**Instructions for the task**
Please transcribe the lines below exactly, and leave every image behind.

Data section START

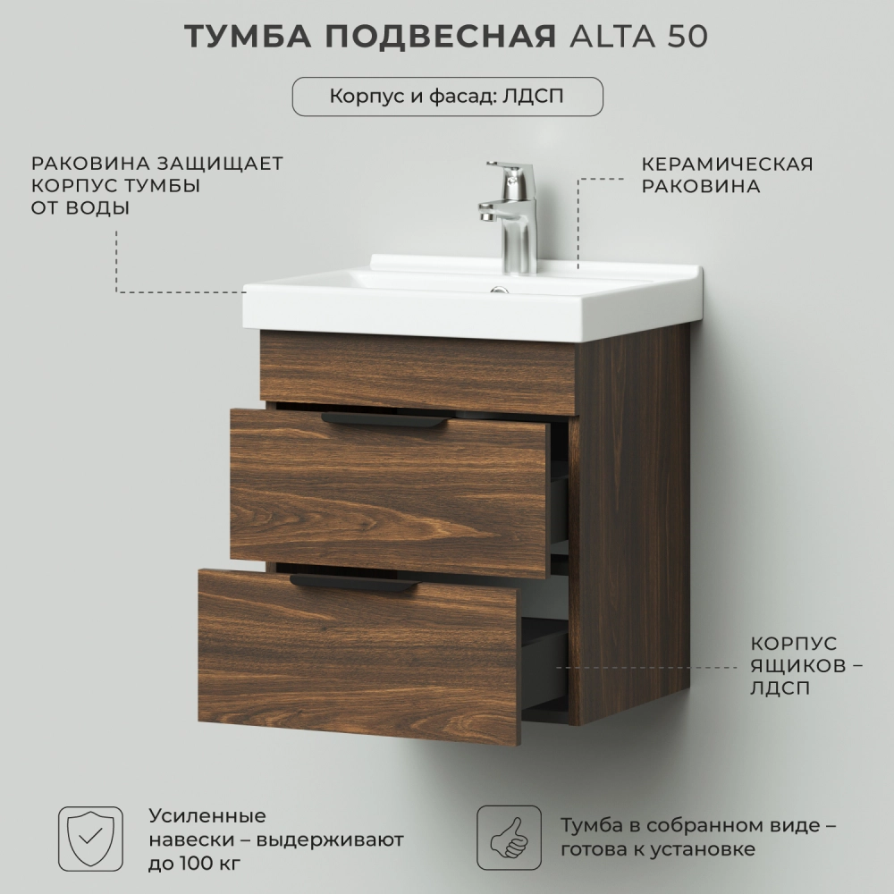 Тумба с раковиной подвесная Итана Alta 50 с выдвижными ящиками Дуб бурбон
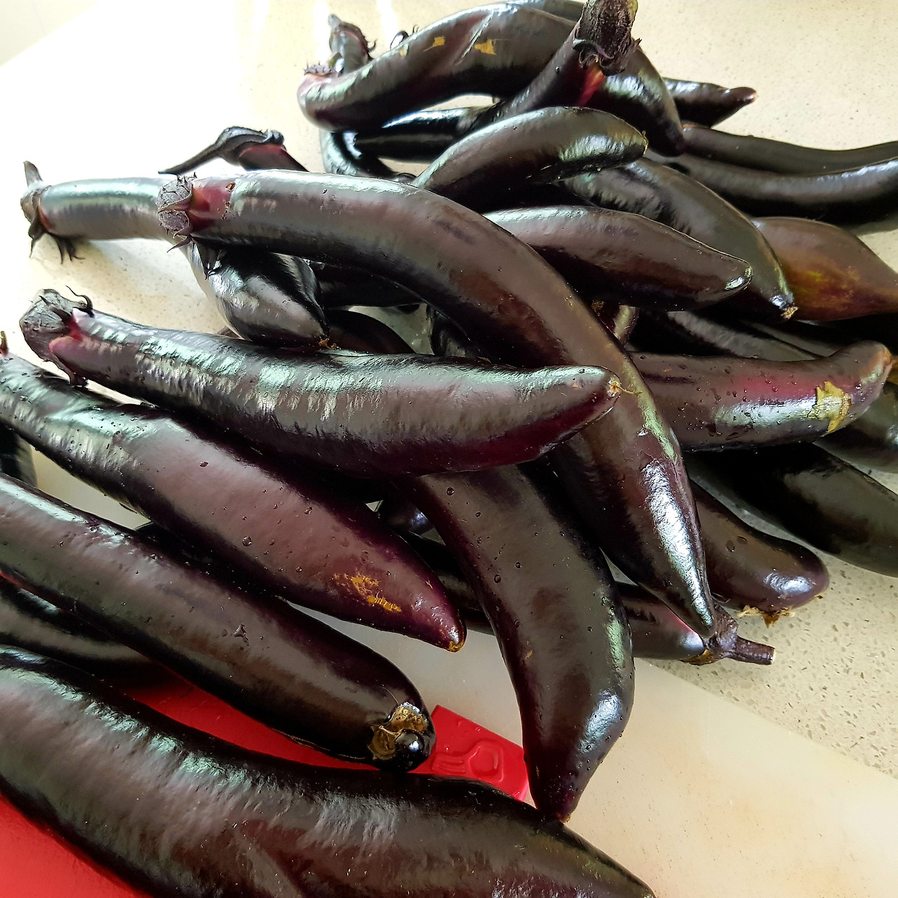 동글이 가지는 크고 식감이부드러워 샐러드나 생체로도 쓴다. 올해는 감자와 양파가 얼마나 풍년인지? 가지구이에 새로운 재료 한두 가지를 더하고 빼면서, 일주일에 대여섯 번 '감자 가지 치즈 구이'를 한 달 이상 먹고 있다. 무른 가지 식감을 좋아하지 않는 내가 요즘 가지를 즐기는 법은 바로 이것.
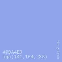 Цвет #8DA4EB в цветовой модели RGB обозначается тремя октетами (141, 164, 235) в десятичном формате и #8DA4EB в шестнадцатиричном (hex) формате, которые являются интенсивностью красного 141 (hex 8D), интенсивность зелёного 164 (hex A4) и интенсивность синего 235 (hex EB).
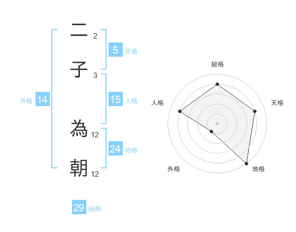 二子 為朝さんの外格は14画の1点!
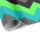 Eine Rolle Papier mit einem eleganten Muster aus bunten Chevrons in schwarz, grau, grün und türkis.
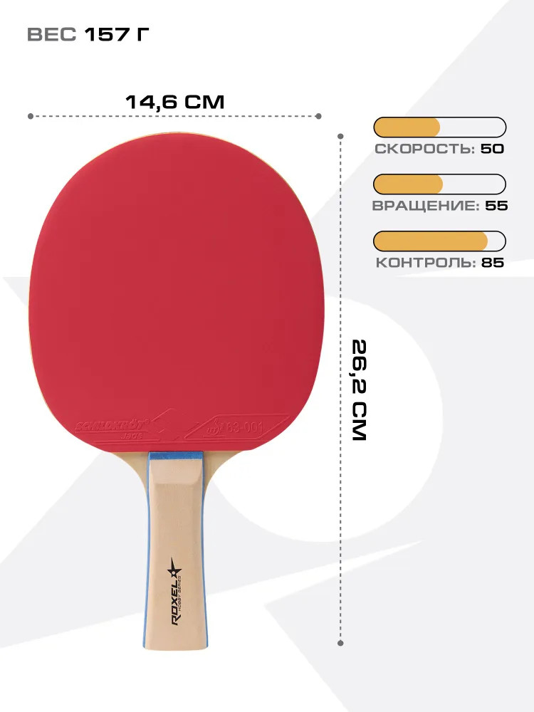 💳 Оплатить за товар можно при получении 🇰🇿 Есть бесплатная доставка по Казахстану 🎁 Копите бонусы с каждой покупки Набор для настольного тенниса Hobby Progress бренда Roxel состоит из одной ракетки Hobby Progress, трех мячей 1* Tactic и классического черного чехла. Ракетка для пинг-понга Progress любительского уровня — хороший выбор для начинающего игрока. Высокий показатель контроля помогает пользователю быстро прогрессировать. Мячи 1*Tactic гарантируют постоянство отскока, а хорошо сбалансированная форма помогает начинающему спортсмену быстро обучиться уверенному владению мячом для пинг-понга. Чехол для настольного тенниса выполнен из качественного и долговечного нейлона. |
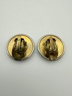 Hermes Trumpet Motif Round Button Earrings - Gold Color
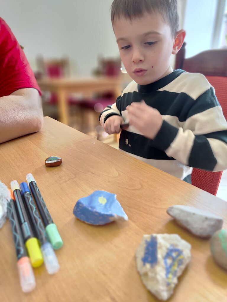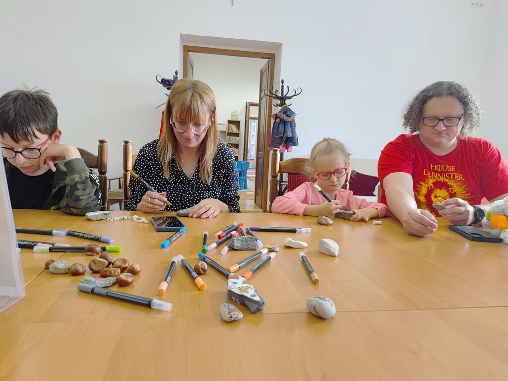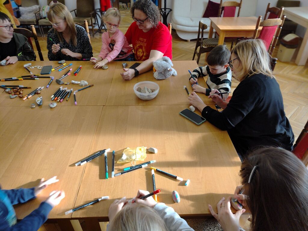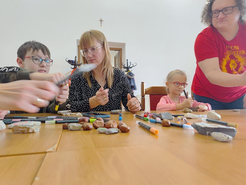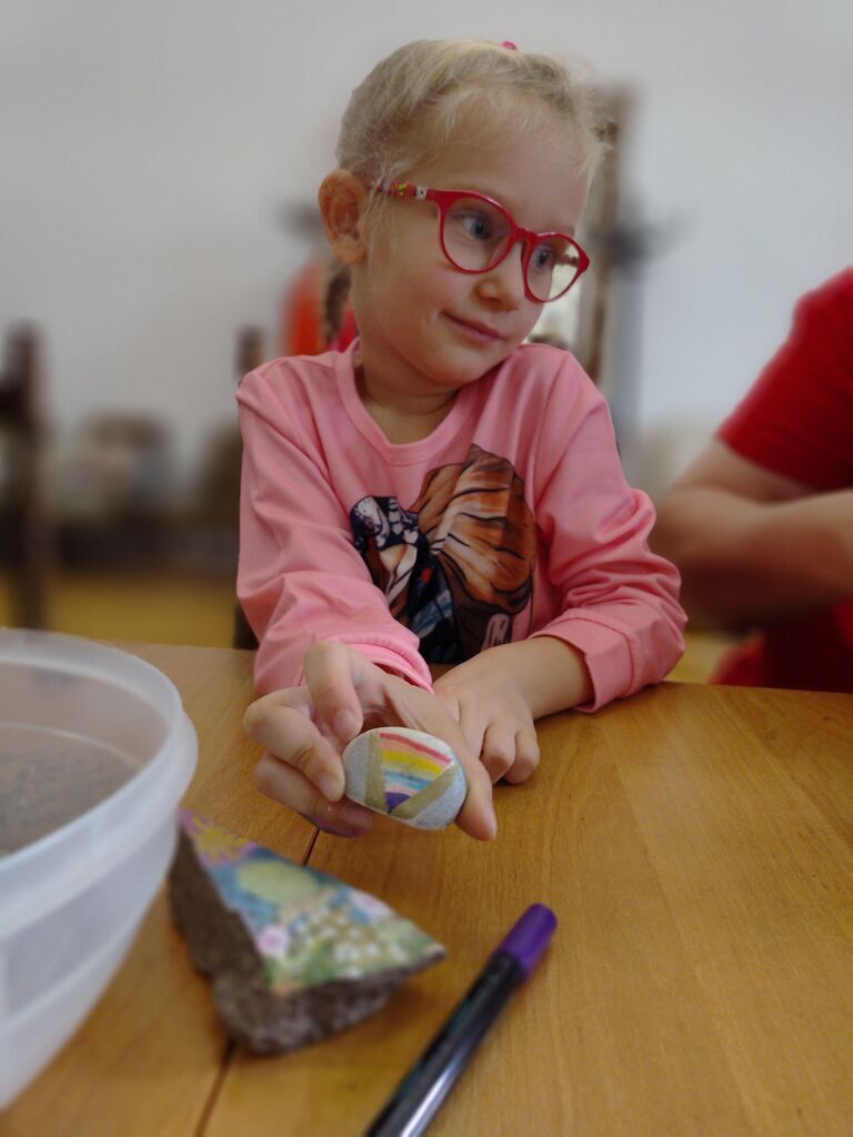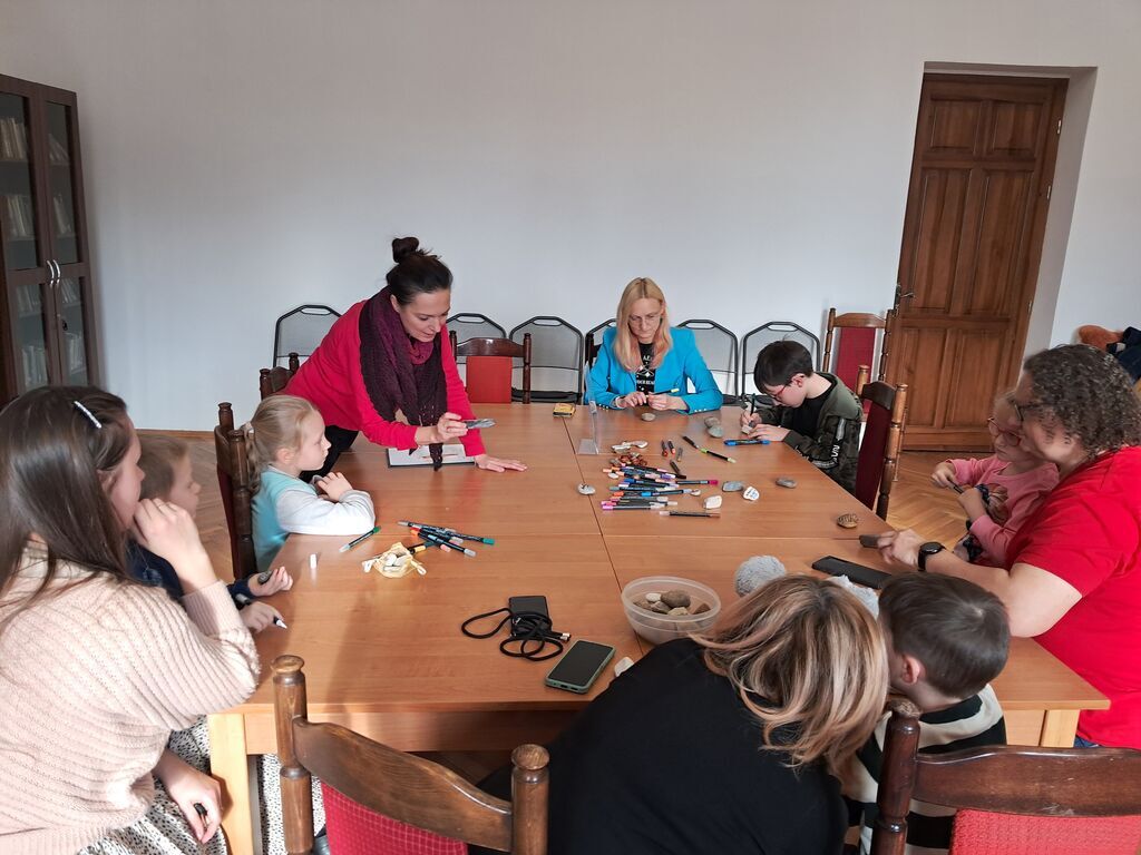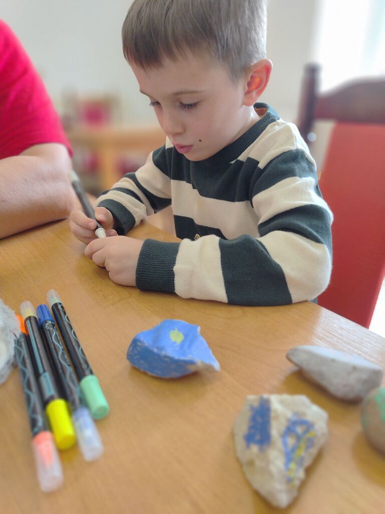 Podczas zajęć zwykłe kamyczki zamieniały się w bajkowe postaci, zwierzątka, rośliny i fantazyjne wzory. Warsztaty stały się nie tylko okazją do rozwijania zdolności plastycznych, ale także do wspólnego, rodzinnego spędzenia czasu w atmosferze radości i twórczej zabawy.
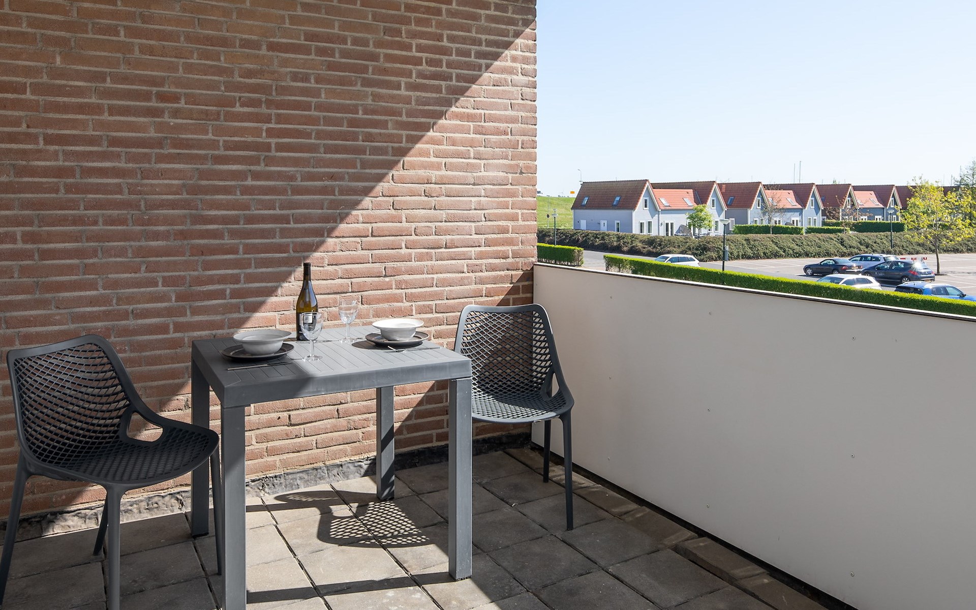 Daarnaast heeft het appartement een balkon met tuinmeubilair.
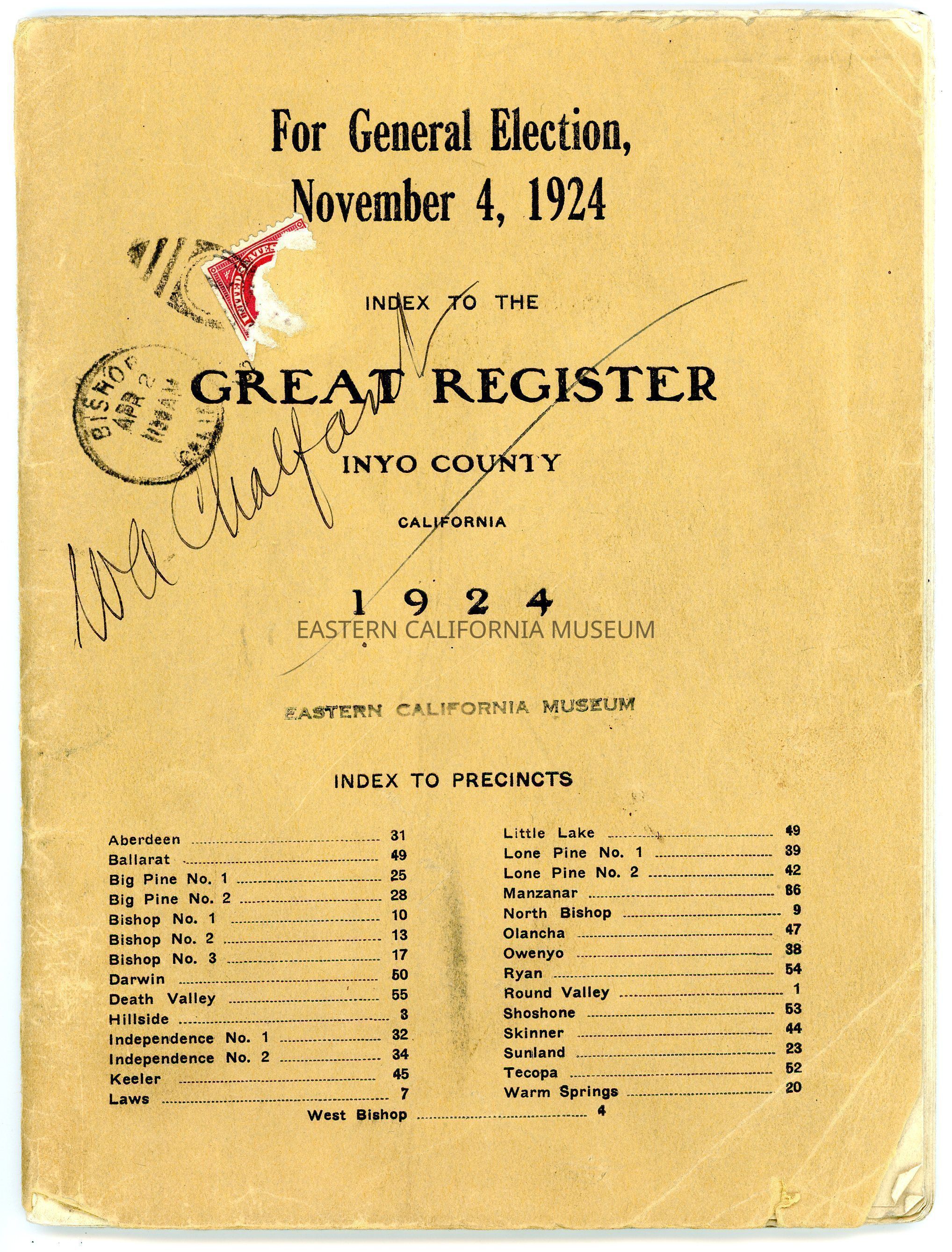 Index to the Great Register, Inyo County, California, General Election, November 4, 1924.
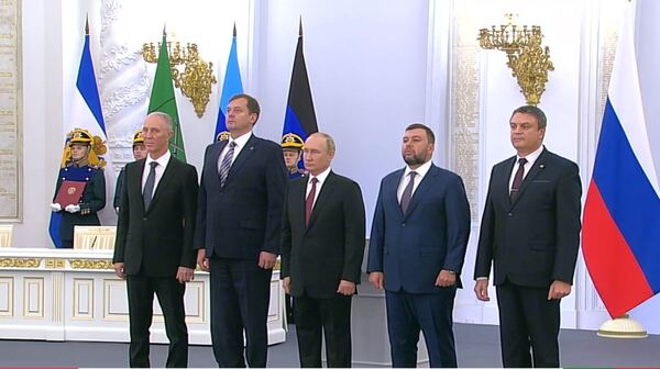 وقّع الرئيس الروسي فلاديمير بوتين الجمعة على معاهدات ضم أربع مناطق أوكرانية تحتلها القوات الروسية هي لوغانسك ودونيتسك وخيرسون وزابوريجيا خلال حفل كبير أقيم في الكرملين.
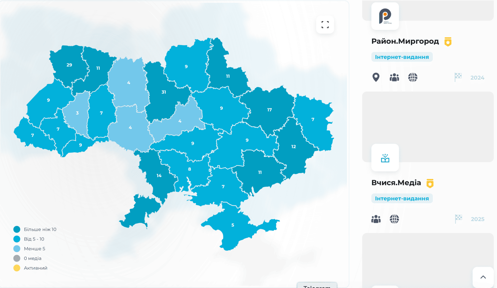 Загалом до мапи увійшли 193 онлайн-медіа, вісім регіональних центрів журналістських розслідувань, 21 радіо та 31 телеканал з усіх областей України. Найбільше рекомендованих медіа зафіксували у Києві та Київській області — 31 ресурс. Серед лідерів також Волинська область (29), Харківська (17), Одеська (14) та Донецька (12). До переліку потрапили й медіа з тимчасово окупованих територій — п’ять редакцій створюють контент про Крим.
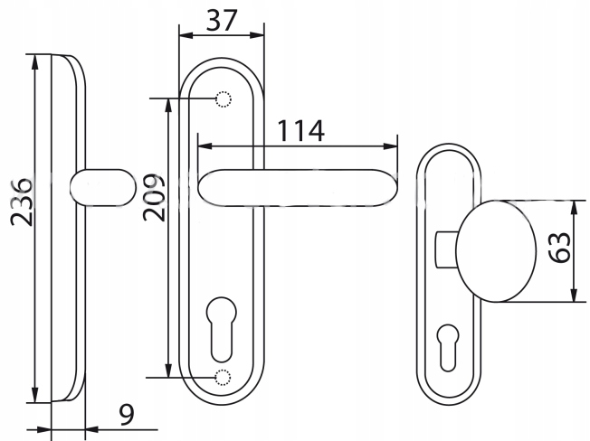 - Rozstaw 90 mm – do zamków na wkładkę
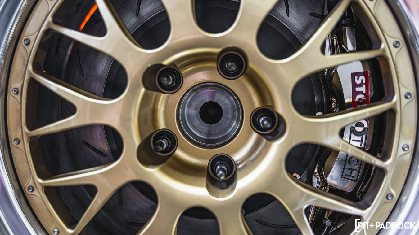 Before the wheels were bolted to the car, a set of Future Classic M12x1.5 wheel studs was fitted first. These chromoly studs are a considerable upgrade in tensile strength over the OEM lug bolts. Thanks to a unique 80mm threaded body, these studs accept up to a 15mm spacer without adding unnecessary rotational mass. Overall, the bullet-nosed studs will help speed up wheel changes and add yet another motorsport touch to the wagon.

Data section END

**Response below**
 Тумба с раковиной подвесная Итана Alta 50 с выдвижными ящиками Дуб бурбон
 동글이 가지는 크고 식감이부드러워 샐러드나 생체로도 쓴다. 올해는 감자와 양파가 얼마나 풍년인지? 가지구이에 새로운 재료 한두 가지를 더하고 빼면서, 일주일에 대여섯 번 '감자 가지 치즈 구이'를 한 달 이상 먹고 있다. 무른 가지 식감을 좋아하지 않는 내가 요즘 가지를 즐기는 법은 바로 이것.
 Цвет #8DA4EB в цветовой модели RGB обозначается тремя октетами (141, 164, 235) в десятичном формате и #8DA4EB в шестнадцатиричном (hex) формате, которые являются интенсивностью красного 141 (hex 8D), интенсивность зелёного 164 (hex A4) и интенсивность синего 235 (hex EB).
 二子 為朝さんの外格は14画の1点!
 Eine Rolle Papier mit einem eleganten Muster aus bunten Chevrons in schwarz, grau, grün und türkis.
 💳 Оплатить за товар можно при получении 🇰🇿 Есть бесплатная доставка по Казахстану 🎁 Копите бонусы с каждой покупки Набор для настольного тенниса Hobby Progress бренда Roxel состоит из одной ракетки Hobby Progress, трех мячей 1* Tactic и классического черного чехла. Ракетка для пинг-понга Progress любительского уровня — хороший выбор для начинающего игрока. Высокий показатель контроля помогает пользователю быстро прогрессировать. Мячи 1*Tactic гарантируют постоянство отскока, а хорошо сбалансированная форма помогает начинающему спортсмену быстро обучиться уверенному владению мячом для пинг-понга. Чехол для настольного тенниса выполнен из качественного и долговечного нейлона. |
 Hermes Trumpet Motif Round Button Earrings - Gold Color
 Podczas zajęć zwykłe kamyczki zamieniały się w bajkowe postaci, zwierzątka, rośliny i fantazyjne wzory. Warsztaty stały się nie tylko okazją do rozwijania zdolności plastycznych, ale także do wspólnego, rodzinnego spędzenia czasu w atmosferze radości i twórczej zabawy.
 Daarnaast heeft het appartement een balkon met tuinmeubilair.
 Index to the Great Register, Inyo County, California, General Election, November 4, 1924.
 وقّع الرئيس الروسي فلاديمير بوتين الجمعة على معاهدات ضم أربع مناطق أوكرانية تحتلها القوات الروسية هي لوغانسك ودونيتسك وخيرسون وزابوريجيا خلال حفل كبير أقيم في الكرملين.
 Загалом до мапи увійшли 193 онлайн-медіа, вісім регіональних центрів журналістських розслідувань, 21 радіо та 31 телеканал з усіх областей України. Найбільше рекомендованих медіа зафіксували у Києві та Київській області — 31 ресурс. Серед лідерів також Волинська область (29), Харківська (17), Одеська (14) та Донецька (12). До переліку потрапили й медіа з тимчасово окупованих територій — п’ять редакцій створюють контент про Крим.
 - Rozstaw 90 mm – do zamków na wkładkę
 Before the wheels were bolted to the car, a set of Future Classic M12x1.5 wheel studs was fitted first. These chromoly studs are a considerable upgrade in tensile strength over the OEM lug bolts. Thanks to a unique 80mm threaded body, these studs accept up to a 15mm spacer without adding unnecessary rotational mass. Overall, the bullet-nosed studs will help speed up wheel changes and add yet another motorsport touch to the wagon.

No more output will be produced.